The light intensity of the light-emitting diodes can furthermore be adjusted finely (up to one microwatt) so as to use one or more of the modular devices as a video screen.

In other words, the lighting projector obtained by assembling several light modules is hybrid in that it can also be used as a screen or video surface thus enabling the display of still or moving images for example.

In other words, the light module comprises means for controlling the light intensity of said light sources capable of adjusting the level of light intensity of said light sources so that, on a first range of light intensity, said light module or modules form a lighting projector and, on a second range of light intensity, said light module or modules form a display screen.

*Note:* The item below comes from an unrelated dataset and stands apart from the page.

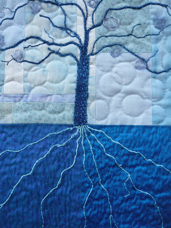 The tree has its dark trunk and branches above ground and set against a pale ‘sky’ made by piecing scraps of fabric of light shades. The trunk and branches are made by plaiting and couching a number of strands of thread of different thicknesses. I have added abstract suggestions of foliage by couching rough circles of mohair wool strands. The darker below ground background is made by piecing strips of silk of darker shades, and the tree roots are couched threads. I have used hand stitched quilting throughout, using circular patterns in the sky and random seeding below ground. Finally I added random beading below ground to suggest water or nutrients in the earth which are feeding the tree.
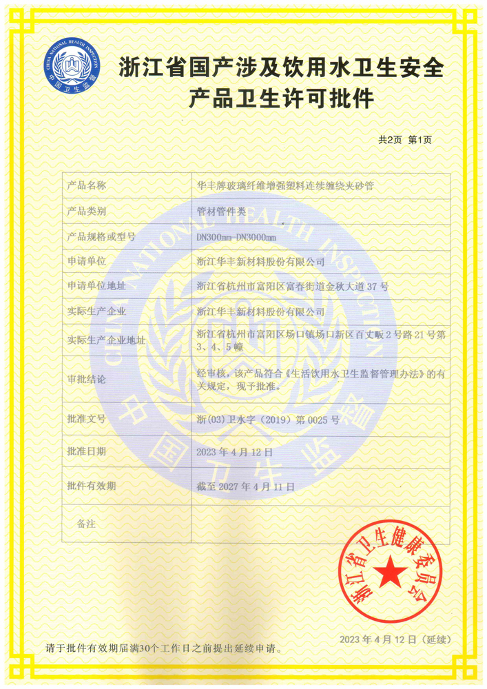 連續纏繞玻璃鋼管衛生許可批件2

Thus, once assembled, the light modules form columns and rows of diodes capable of forming a video image. In other words, each diode forms a pixel or image dot of a video screen, such an image being visible both by day and by night.

The modular aspect of the panels of diodes enables the formation of screens of all sizes, from a few square meters to several hundreds of square meters.

The implementing of diodes furthermore ensures improved visual quality, even in full daylight.

Such an assembling of several light modules can be used in shop decoration, discotheques, stage backgrounds or any other type of event.

According to one particularly advantageous characteristic, the light module comprises means for controlling light intensity of said light sources comprising dual-stage regulation means:

• • a first voltage switch-mode regulation stage capable of regulating an operating voltage of said light sources, and
  • a second linear regulation stage capable of linearly regulating an operating current of said light sources, said second stage comprising means of current feedback control.

Thus, through a coupling of two regulation stages of different natures, one carrying out a voltage switch-mode regulation and the other a linear current regulation, the light module according to an embodiment of the invention is capable of controlling the light intensity of the light sources over a much more extensive range than that offered by the prior-art devices. This enables it to play either the role of a lighting projector (“high-level” control of light intensity (of the order of one watt or of about ten watts)) or the role of a display screen (“low-level” control of the light intensity (of the order of one milliwatt or even one microwatt)) and to pass from one role to the other while at the same time preserving a same level of resolution.

This two-stage configuration thus enables the creation of a display screen having the capacity to project light.

In particular, the operating current is regulated by means of an automatic feedback control driven by a digital modulation signal.

According to one particular characteristic, the module further comprises optical means for forming light beams cooperating with said light sources.

This enables the formation of variable volumetric light graphics. The optical means can include a lens, a set of lenses or a reflector, for example, that cooperates with the LEDs.

Advantageously, said light module is capable of displaying still or moving images.

Advantageously, the pitch between two adjacent light-emitting diodes of said light module is constant.

The spacing between the light-emitting diodes, which is constant, makes it possible to define the resolution of the display screen obtain by the assembling of several light modules.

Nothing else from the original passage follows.